Extracted data -
☆ ☆ ☆

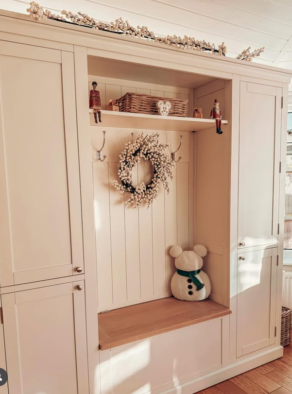 This cozy winter entryway uses soft neutrals, warm wood accents, and cute seasonal touches to create a welcoming, homey atmosphere.
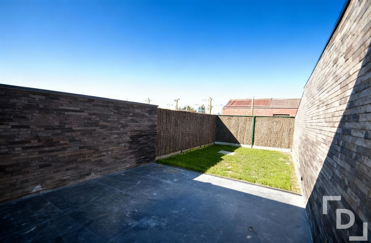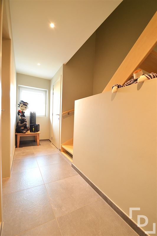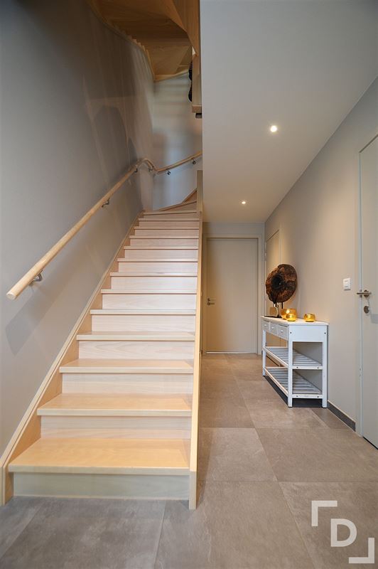 - GLV: inkom - apart toilet - garage - keukenberging - leefruimte met open keuken en toegang tot terras en tuin.
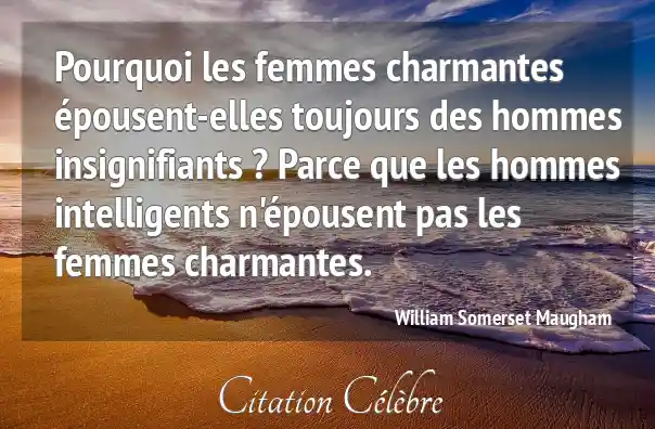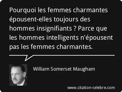 Pourquoi les femmes charmantes épousent-elles toujours des hommes insignifiants ? Parce que les hommes intelligents n'épousent pas les femmes charmantes.
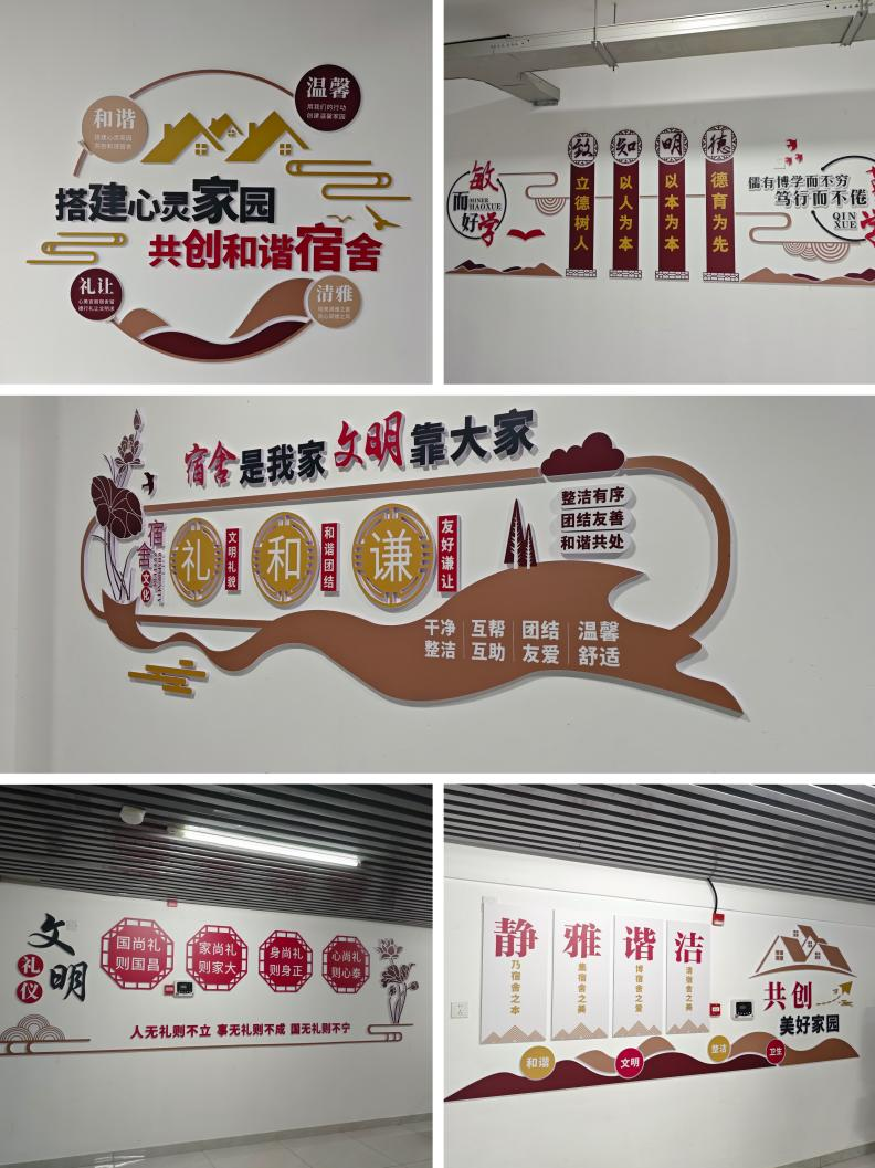近期,学生宿舍管理中心在麓南校区升华学生公寓42、43、44栋、南5舍以及天心校区新3舍建设宿舍文化墙,以图文并茂的形式向同学们娓娓讲述“家”的归属、“礼”的修养与“学”的勤奋。伟德国际1946官方网利用学生高频经过的物理空间,让宿舍的墙壁开始“说话”,对学生进行沉浸式、互动式的价值引导,这是在育人道路上的用心探索,也是伟德bv1946工作从“保障型”向“育人型”升级的生动实践。
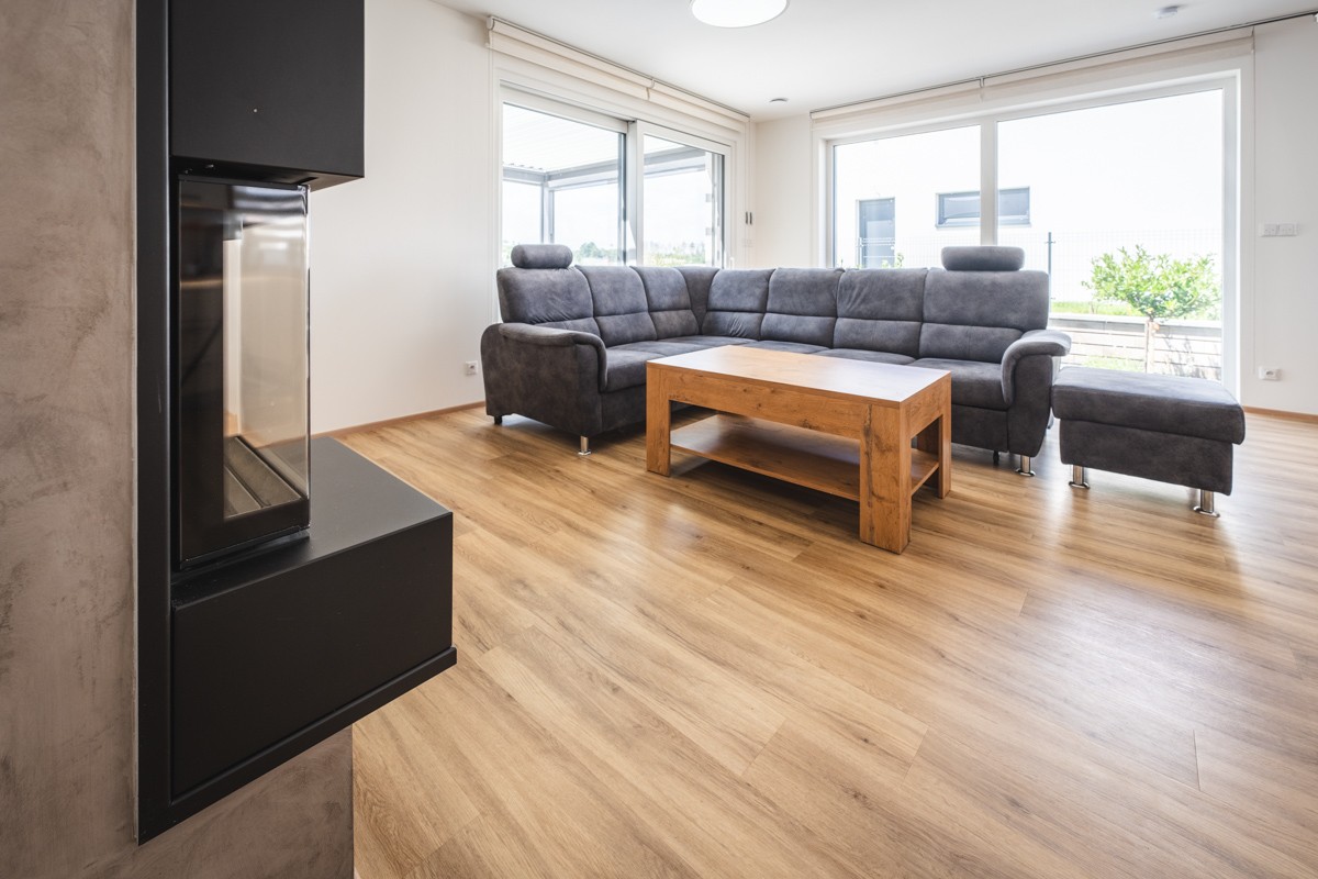 Prostorný obývák je zařízen v elegantním stylu. Díky velkým oknům je krásně prosluněný
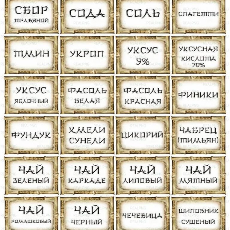 Надписи для специй и приправ
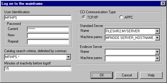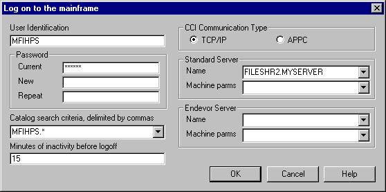 In the example below the mainframe Server Name used is FILESHR2.MYSERVER.
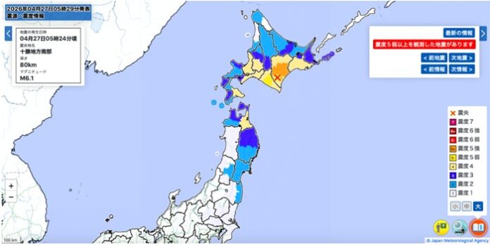 இந்த நிலநடுக்கத்தின் அளவை 6.1 ரிக்டர் எனப் பதிவு செய்துள்ளது. இதனிடையே வரும் வாரத்தில் அப்பகுதியில் இதேபோன்று மேலும் பல நிலநடுக்கங்கள் ஏற்படுவதற்கான அபாயங்கள் அதிகமாக உள்ளதாகவும் ஜப்பானிய வானிலை ஆய்வு மையம் எச்சரித்துள்ளது.

☆ ☆ ☆

What you need to do - Keep pictures out and return the lines from the one containing "Pourquoi les femmes" through the end of the listing, both included, character for character.

Task result -
 Pourquoi les femmes charmantes épousent-elles toujours des hommes insignifiants ? Parce que les hommes intelligents n'épousent pas les femmes charmantes.
近期,学生宿舍管理中心在麓南校区升华学生公寓42、43、44栋、南5舍以及天心校区新3舍建设宿舍文化墙,以图文并茂的形式向同学们娓娓讲述“家”的归属、“礼”的修养与“学”的勤奋。伟德国际1946官方网利用学生高频经过的物理空间,让宿舍的墙壁开始“说话”,对学生进行沉浸式、互动式的价值引导,这是在育人道路上的用心探索,也是伟德bv1946工作从“保障型”向“育人型”升级的生动实践。
 Prostorný obývák je zařízen v elegantním stylu. Díky velkým oknům je krásně prosluněný
 Надписи для специй и приправ
 In the example below the mainframe Server Name used is FILESHR2.MYSERVER.
 இந்த நிலநடுக்கத்தின் அளவை 6.1 ரிக்டர் எனப் பதிவு செய்துள்ளது. இதனிடையே வரும் வாரத்தில் அப்பகுதியில் இதேபோன்று மேலும் பல நிலநடுக்கங்கள் ஏற்படுவதற்கான அபாயங்கள் அதிகமாக உள்ளதாகவும் ஜப்பானிய வானிலை ஆய்வு மையம் எச்சரித்துள்ளது.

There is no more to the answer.